# When "normal" people lose it...



## RubyTuesday (Aug 3, 2007)

It was a strange day today.

I went to a jobsearch place which I am obliged to do once a week in order to get government benefits -being that I am still unemployed :spit 
And this guy named Nick who I am acquaintance/friends with was there.

Well, originally he seemed interested in me but once he discovered my anxious behaviour around people cooled off as expected. Still, though, we're 'acquaintance-friends'.

And to try to make a long story short: he is quite a charming, outgoing likeable sort with a real ease around people. ...until, that is -today.
Today, I came out of the bathroom to hear raised voices and it involved him and some Asian lady having a full-on row over some trivial misunderstanding between them.

...It was quite melodramatic. And despite all the talk from either side about who did what etc etc ...the fact remains that both of them really just lost it. Their bickering was really over the top and over something which, even when 'explained' to me, I still don't understand the point.

To sum things up: I've learnt -and it wouldn't be the first time- that people who I sincerely perceive as being quite well adjusted and together end up revealing a side that is quite the opposite.

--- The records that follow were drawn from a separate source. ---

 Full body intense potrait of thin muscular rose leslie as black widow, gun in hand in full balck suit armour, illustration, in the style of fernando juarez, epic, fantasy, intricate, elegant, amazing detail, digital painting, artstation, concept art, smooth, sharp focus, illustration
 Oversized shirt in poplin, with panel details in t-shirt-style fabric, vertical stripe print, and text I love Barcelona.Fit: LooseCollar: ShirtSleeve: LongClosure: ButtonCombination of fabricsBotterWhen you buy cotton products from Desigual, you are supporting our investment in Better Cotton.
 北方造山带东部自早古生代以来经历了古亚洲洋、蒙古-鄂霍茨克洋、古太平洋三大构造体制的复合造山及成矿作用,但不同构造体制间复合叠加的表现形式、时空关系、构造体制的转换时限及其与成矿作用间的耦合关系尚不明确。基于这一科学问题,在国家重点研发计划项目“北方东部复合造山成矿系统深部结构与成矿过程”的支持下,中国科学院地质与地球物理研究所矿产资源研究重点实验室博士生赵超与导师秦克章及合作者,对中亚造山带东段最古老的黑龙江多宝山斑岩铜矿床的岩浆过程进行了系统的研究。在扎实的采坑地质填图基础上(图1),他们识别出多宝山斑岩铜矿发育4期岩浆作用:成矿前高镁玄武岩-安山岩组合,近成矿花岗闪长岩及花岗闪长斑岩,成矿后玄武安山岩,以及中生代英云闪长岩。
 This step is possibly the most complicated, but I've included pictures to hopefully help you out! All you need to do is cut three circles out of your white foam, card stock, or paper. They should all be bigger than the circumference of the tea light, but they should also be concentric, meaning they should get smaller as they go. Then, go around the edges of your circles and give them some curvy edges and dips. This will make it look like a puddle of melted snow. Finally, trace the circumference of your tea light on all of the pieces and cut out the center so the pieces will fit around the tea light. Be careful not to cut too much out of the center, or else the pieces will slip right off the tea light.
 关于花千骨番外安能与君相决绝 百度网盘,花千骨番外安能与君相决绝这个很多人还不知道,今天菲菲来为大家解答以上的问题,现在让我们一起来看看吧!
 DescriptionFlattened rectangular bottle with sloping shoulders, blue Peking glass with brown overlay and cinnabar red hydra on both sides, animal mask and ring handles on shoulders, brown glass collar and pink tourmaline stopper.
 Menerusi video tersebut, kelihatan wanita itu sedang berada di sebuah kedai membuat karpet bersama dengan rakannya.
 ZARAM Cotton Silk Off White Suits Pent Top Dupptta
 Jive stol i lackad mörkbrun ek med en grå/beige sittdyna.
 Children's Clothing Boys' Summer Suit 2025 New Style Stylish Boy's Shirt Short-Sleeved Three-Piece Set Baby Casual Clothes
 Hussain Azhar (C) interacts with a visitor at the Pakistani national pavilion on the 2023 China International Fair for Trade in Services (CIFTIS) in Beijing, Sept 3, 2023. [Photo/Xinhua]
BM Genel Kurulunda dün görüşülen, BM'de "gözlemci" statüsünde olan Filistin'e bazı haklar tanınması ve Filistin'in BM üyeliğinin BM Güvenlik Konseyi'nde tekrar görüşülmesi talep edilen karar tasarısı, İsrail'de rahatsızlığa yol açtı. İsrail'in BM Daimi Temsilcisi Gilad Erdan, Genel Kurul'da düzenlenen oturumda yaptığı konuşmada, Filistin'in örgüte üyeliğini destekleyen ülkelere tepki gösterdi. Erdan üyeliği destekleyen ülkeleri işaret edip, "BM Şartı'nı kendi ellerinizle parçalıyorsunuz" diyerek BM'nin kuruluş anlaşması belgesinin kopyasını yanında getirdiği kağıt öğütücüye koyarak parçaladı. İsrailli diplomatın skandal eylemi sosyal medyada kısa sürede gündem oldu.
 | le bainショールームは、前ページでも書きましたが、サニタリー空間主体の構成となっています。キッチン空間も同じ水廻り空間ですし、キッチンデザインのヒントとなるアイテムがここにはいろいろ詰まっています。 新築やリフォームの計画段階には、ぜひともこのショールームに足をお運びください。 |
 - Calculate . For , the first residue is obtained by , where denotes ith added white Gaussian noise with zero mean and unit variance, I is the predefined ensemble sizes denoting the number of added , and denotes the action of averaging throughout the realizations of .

Being that I have been quite isolated from people -coming to terms with just exactly what is the nature of my emotional difficulties- the reality is that when I am around others (and the example that comes to mind the most is my last place of work) what I observe is a substantial degree of insecurity, dysfunction and neurotic or emotionally troubled behaviour.

And the reason why I say this is basically because for some time I believe I have been kidding my self that it is me who has the VAST majority of the neurosis and emotional problems ...and then, every so often I am given a clear glimpse that the gap between me and "normal" people (people who have jobs, a proper social life, spouses...) isn't so wide at all.

So I am appealing to anyone else who has caught a glimpse of such a thing. -of the "insides" of others. Of seeing through the layer of 'togetherness' and confidence that people like to put forth about themselves. Of instances in which you've seen past the image that people pass off, as if they themselves are really so "normal" anyhow...


----------



## ImAboutToEXPLODE (Nov 20, 2007)

> Being that I have been quite isolated from people -coming to terms with just exactly what is the nature of my emotional difficulties- the reality is that when I am around others (and the example that comes to mind the most is my last place of work) what I observe is a substantial degree of insecurity, dysfunction and neurotic or emotionally troubled behaviour.
> 
> And the reason why I say this is basically because for some time I believe I have been kidding my self that it is me who has the VAST majority of the neurosis and emotional problems ...and then, every so often I am given a clear glimpse that the gap between me and "normal" people (people who have jobs, a proper social life, spouses...) isn't so wide at all.


YES!! This is something which has come very clear to me just the last couple of years.It is delusion to think in terms of "me" the freak with all the problems, and then "everyone else" who is a well adjusted harmonic person.I think this realization has slowely come from watching plenty of youtube vlogs would you believe it. 

When you think like this you also make things more difficult for yourself, because you think that everyone around you is so fundamentally  different from you, but that isn't true.

You can see from all the fighting and bickering among "normal" people that they are not so "together" as you might have thought they were.


----------



## RubyTuesday (Aug 3, 2007)

ImAboutToEXPLODE said:


> You can see from all the fighting and bickering among "normal" people that they are not so "together" as you might have thought they were.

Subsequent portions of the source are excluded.